Doug Melvin, Rangers, on their Ivan Rodriguez contract: “The whole negotiation was ‘if Belle, Sheffield and Sosa can get $10 million,’ That’s what we were faced with.”

Reinsdorf’s response? ‘We’re not being fiscally irresponsible because we can afford it.” He also was quoted as saying, ”Actually, it’s good for the White Sox because it dooms the small-market teams. There will be less for us to compete against.”

This is the man who wants to go to war with the union – again?

This is the man who wants to be in control of Major League Baseball?

“This is shocking,” said one of the people I talked to about the Reinsdorf initiative. “Bud is upset.”

Selig has reason to be. He likes things to run smoothly to the extent that he always knows what the outcome of an owners’ vote will be before he conducts the vote.

“I think Rob has the votes,” said the lawyer who spoke earlier. “All the teams like Rob and respect him.” The Reinsdorf group, he added, doesn’t have the eight votes needed to block a candidate’s election.

.500 OR BUST

Not all teams have won-loss records of .500 or close to it. It just seems that way. At the start of the week (Sunday morning) the Indians and the Rangers were at .500; the Yankees, the Cardinals and the Dodgers were one game over .500, the White Sox were one game under .500; the Orioles, the Nationals and the Marlins were two games over .500 and the Royals and the Twins were two games short of .500.

Looking at the entire season, according to Elias Sports Bureau, teams have had .500 records 191 times. In the equivalent time last season, teams had .500 records 100 times.

MATTINGLY NEEDS CHEMISTRY COURSE

Jim Frey had the best observation I ever heard on team chemistry.

“Give me a three-run homer,” said Frey, who managed the Royals and the Cubs in the 1980s, “and I’ll show you good team chemistry.”
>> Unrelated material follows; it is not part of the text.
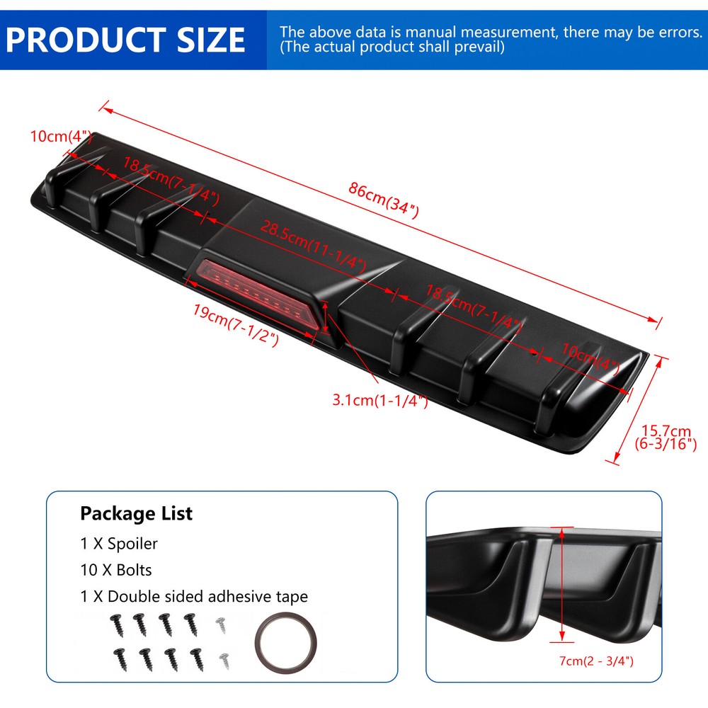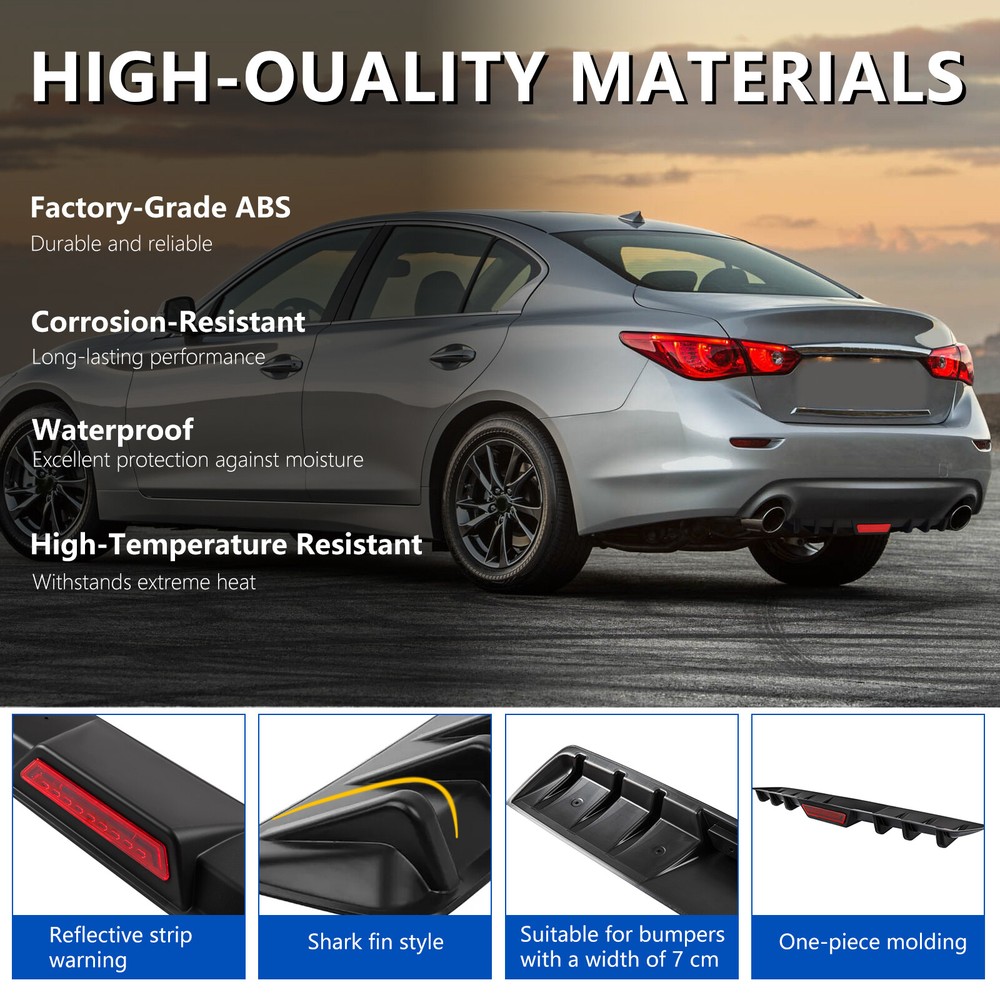 For Toyota Corolla Rear Bumper Diffuser Lip Shark Fin Spoiler Splitter Body Kit Features: Personalize and give your car a contemporary edge. Our stylish design solutions create a customized look, making your car a reflection of your unique taste. Your vehicle's rear bumper chassis and the lower rear body spoiler are made for each other, with a perfect match. Enhance the appearance of the vehicle, create a unique style, bring you a brand new visual enjoyment. Made by premium quality ABS, high strength, light weight, impact resistance and heatproof. Universal custom fitment, professional installation is required. Specification: Condition: 100% Brand New Material: ABS Plastic Type: Rear Bumper Colour: Black Placement on Vehicle: Rear Lower Dimensions: As picture show. Length 34'' Attention: These splitters will be installed at the bottom of the rear bumper, please make sure there is not an exhaust pipe in the middle of your car's rear bumper. And if your car has double exhaust pipes, the exhaust pipe spacing should be more than 81cm. Please measure your rear bumper and make sure these splitters will fit your bumper before purchase. Because of the variances among different monitors, the color shown in the picture might not accurately represent the true color of the item. With this product, we will provide adhesive tape to aid in the installation process. However, for a more secure fit and to prevent any potential separation, we highly recommend using screws to fix it through drilling. Package included: 1 x Car Rear Bumper Lip Diffuser Contract us Please contract us firstly if there are any problems when you received the package. We will definitely give you satisfying solution, please don't leave neutral or negative feedback without any communication. 1.We have always been doing our best to provide the best service and reliable products for every customer. 2.Please do not hesitate to contact us to resolve the issues.We will reply your emails and questions within 24 hours. 3.Please contact us before leaving a Negative feedback if you are not satisfied our service or products. Good communication is helpful for both of us to resolve any problems and issues. We are promising to try our best to provide the best service and 100% satisfaction for valuable buyer like you. 4.If you receive an item that is damaged, please contact and send pictures to us immediately and we will give a replacement or refund. 1 .We do everything we can to ship your orders out as soon as possible. 2. Items will be shipped within 24hs after getting your verified payment. Estimated delivery time is 2-5 working days. 1. Defective products can be exchanged or returned for full price refund within 60 days after you receive the item. 2.Buyers are responsible for appropriate packing, returning shipping cost, insurance and returning the item in “new” condition, Used items will not be accepted for return. 3.We will replace the returning item with an identical item, issue a full store credit or a full refund.

Don Mattingly 225The subject came up last week when Don Mattingly mentioned it in an interview with ESPNLosAngeles.com. “Don Mattingly: Chemistry at issue,” the headline read.
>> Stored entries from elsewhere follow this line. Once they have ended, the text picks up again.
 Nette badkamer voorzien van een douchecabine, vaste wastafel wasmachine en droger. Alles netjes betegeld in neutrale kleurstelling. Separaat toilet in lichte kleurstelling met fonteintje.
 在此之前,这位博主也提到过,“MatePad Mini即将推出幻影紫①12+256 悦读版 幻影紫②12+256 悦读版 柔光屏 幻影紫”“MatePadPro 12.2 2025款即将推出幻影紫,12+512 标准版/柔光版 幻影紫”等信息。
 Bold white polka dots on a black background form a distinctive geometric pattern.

The Dodgers began Sunday’s game at Colorado only one game over .500 (32-31) and the largest second-place deficit (9 ½ games) in the majors, not a pretty picture for a team with a $235 million payroll, highest ever in the majors.

“It may be a day here or a day there, but it hasn’t felt like a true team at this point….,” the Dodgers’ manager said.
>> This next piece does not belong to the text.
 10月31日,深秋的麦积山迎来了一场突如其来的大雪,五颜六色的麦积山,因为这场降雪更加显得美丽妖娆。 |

I have never been sold on Mattingly as a manager. That he is the manager of the Dodgers is due to Joe Torre. When Joe Girardi (on whom I am sold as a manager) beat out Mattingly for the Yankees’ job, the former first baseman joined Torre in Los Angeles. He was there when Torre retired, and the Dodgers made him their manager even though he had never managed anywhere.

In the interview last week, Mattingly blamed a lack of cohesion for the Dodgers’ troubles. But isn’t it the manager’s responsibility to turn his team into a cohesive unit? Isn’t it the general manager’s responsibility to get players who fit with each other and form a cohesive unit with good team chemistry?

Certainly there are instances where selfish players undermine cohesiveness. The ESPN article cited one such case with the Dodgers. Matt Kemp is reportedly unhappy that he had to take his $160 million contract to left field when he had always played center.

This sort of problem can be viewed in two ways: either Kemp is being paid so abundantly that he should happily move if asked, or his contract gives him the status to reject a move.

My first experience with that kind of situation was in 1974 when Bill Virdon became the Yankees’ manager and switched Bobby Murcer to right field and put Elliott Maddox in center.

Virdon, who had been an outstanding center fielder himself, was clearly right in his judgment of Murcer and Maddox, but Murcer was the Yankees’ star at the time and was insulted at being made to move out of center, where the Yankees had touted him as being next in the line of Joe DiMaggio and Mickey Mantle.

Murcer never forgave Virdon during his playing career, but the manager actually did him a favor because he was better suited to right and wasn’t subjected to criticism for mistakes he might have made in center.